PROBLEM TO SOLVE:
Find the line below with "Фітошампунь ТМ Vitomax". Print it and every line after it exactly, through the last line, leaving out the pictures.
--- AVAILABLE RECORDS Enclosed Below ---
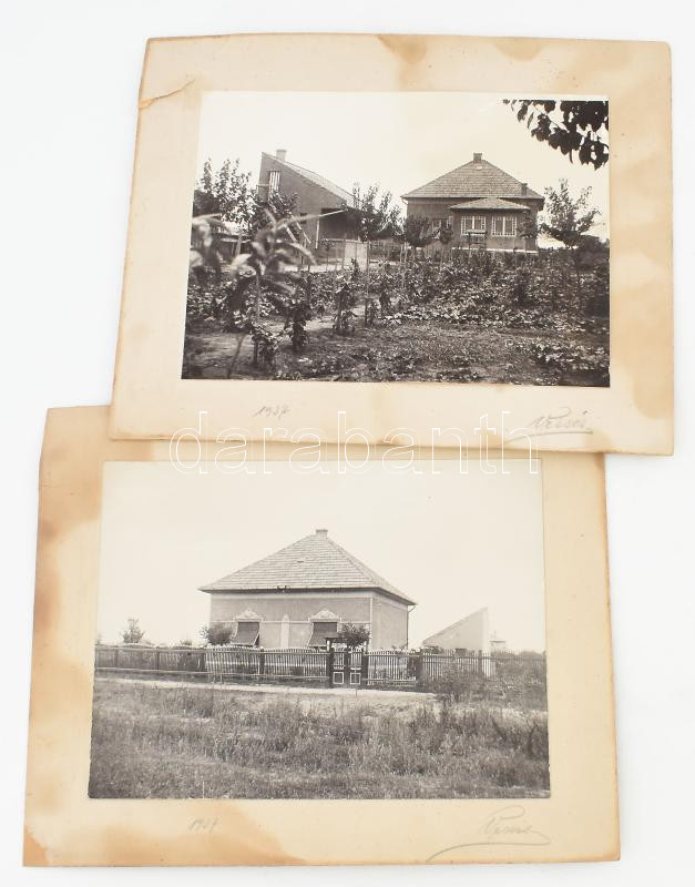 1937 Vecsés, kertes házak, 2 db nagyméretű, kartonra kasírozott fotó, jelzettek, a karton szélén foltokkal, egyiken kisebb felületi hibával, 23,5x17,5 cm körül
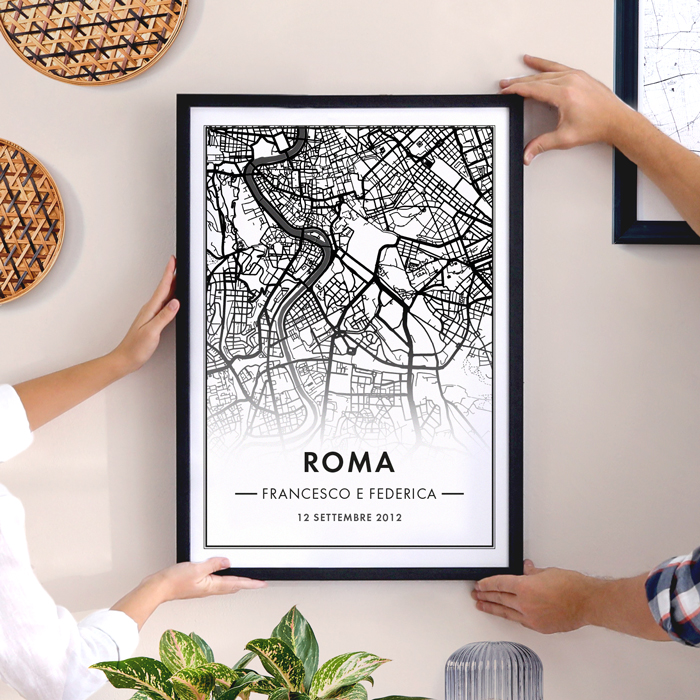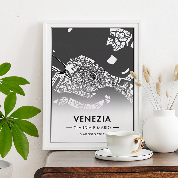 Questa stupenda mappa della città è perfetta per stupire il tuo lui o la tua lei in occasione del vostro anniversario o di San Valentino. Come funziona? Basta indicare la città che desideri e noi inseriremo la mappa corrispondente in questa stampa suggestiva e romantica.
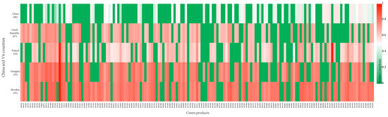 The distribution of product distances reveals the complementarity of green industrial structures between China and V4 countries, which is described as follows: (1) The complexity distribution of China’s green products is already quite comprehensive, and the level of green diversification is in the leading position, but there are not many high-complexity green products with comparative advantages; green products with comparative advantages in V4 countries are concentrated in medium- and high-complexity regions. (2) China has complementary advantages with the V4 countries in low- and medium-complexity regions. For example, the distance heatmap of green products such as HS841440 air compressors mounted on the trailer chassis (PCI = −0.423) shows that, owing to their limited production capacity endowment, Poland, Hungary, and Slovakia are unlikely to include this product in their production systems in the future. (3) In high-complexity regions, we can similarly explore opportunities for industrial complementarity with V4 countries for products with comparative advantages. For example, Poland is far from having a comparative advantage in products such as HS841490; hence, technology and trade cooperation in related products can be launched. Our efforts can be concentrated on the products shown in light green in Figure 5, which present less competitive advantage in V4 countries; these include HS902750 other instruments and devices using optical radiation (PCI = 1.736) and HS902790 microtomes and parts of physical/chemical analysis instruments (PCI = 1.719). Such technological innovation can be undertaken with the aim of achieving breakthroughs in independent core technologies. In particular, none of the five countries currently has a comparative advantage in HS901320 other lasers (PCI = 1.515), but China has the shortest distance to gain a comparative advantage. Therefore, China may gain a potential competitive advantage in this product in the future. For products shown in red in the figure, we can seek technical cooperation with the V4 countries that have relevant production capacities. For example, we could jointly develop HS902730 spectrometers and other related products with the Czech Republic; explore the development of products related to HS902780 other physical and chemical analysis instruments and devices with Hungary; and engage in technology and trade exchanges with Poland in products such as in HS841950 heat exchangers, HS381519 other supported catalysts, and HS841350 other reciprocating positive displacement pumps.
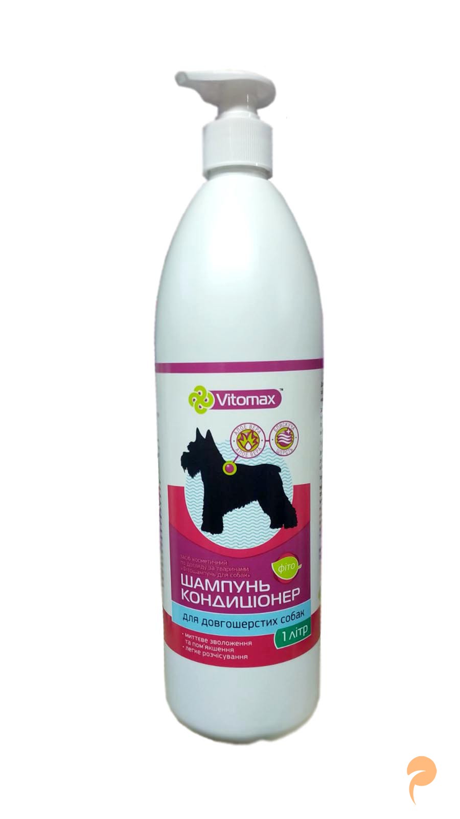 Фітошампунь ТМ Vitomax - натуральний шампунь-кондиціонер для довгошерстих собак на основі екстрактів рослин, корисних для шкіри і шерсті. Має протипаразитарний ефект.
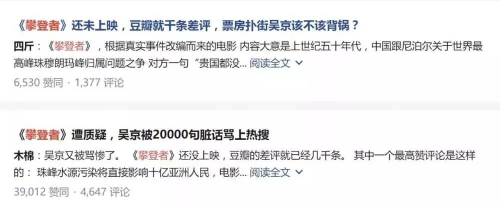 最早《攀登者》的预告一放出来,大家关注的其实都不是影片本身,而是给它戴上了“吴京新片”的标签,于是还没点映就引来了大量影评人和网友的吐槽……
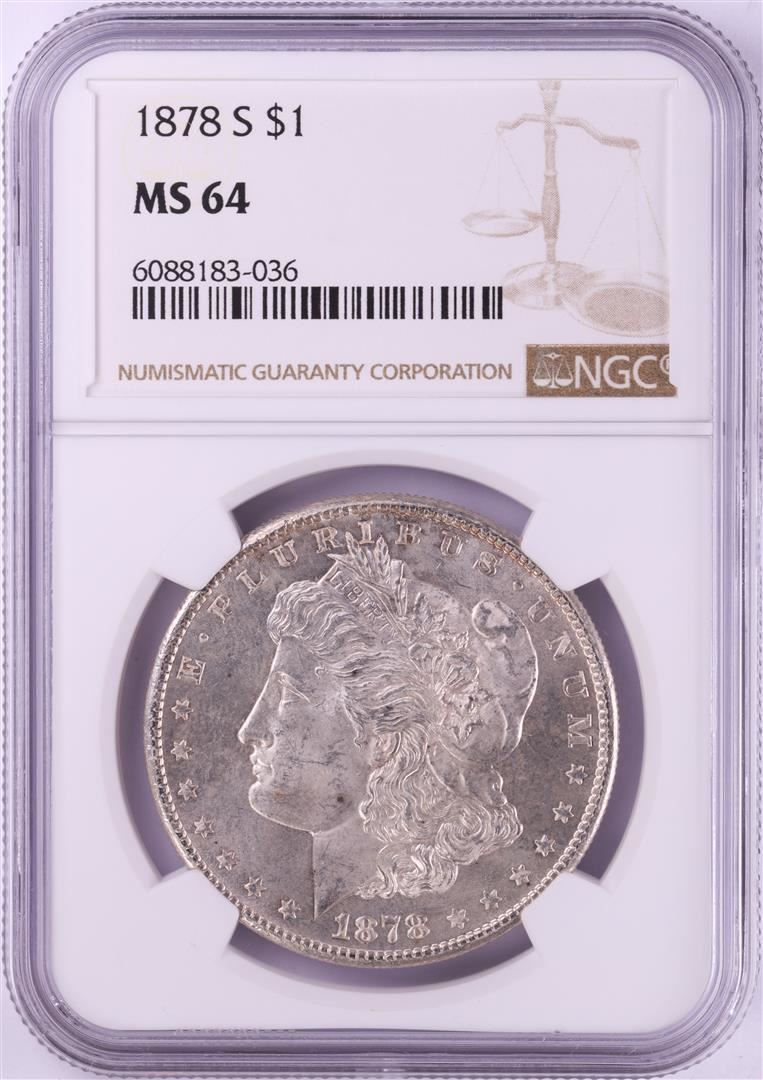 One 1878-S $1 Morgan Silver Dollar Coin NGC MS64. NGC Certified.
--- End of Enclosed AVAILABLE RECORDS ---
PROBLEM SOLUTION:
 Фітошампунь ТМ Vitomax - натуральний шампунь-кондиціонер для довгошерстих собак на основі екстрактів рослин, корисних для шкіри і шерсті. Має протипаразитарний ефект.
 最早《攀登者》的预告一放出来,大家关注的其实都不是影片本身,而是给它戴上了“吴京新片”的标签,于是还没点映就引来了大量影评人和网友的吐槽……
 One 1878-S $1 Morgan Silver Dollar Coin NGC MS64. NGC Certified.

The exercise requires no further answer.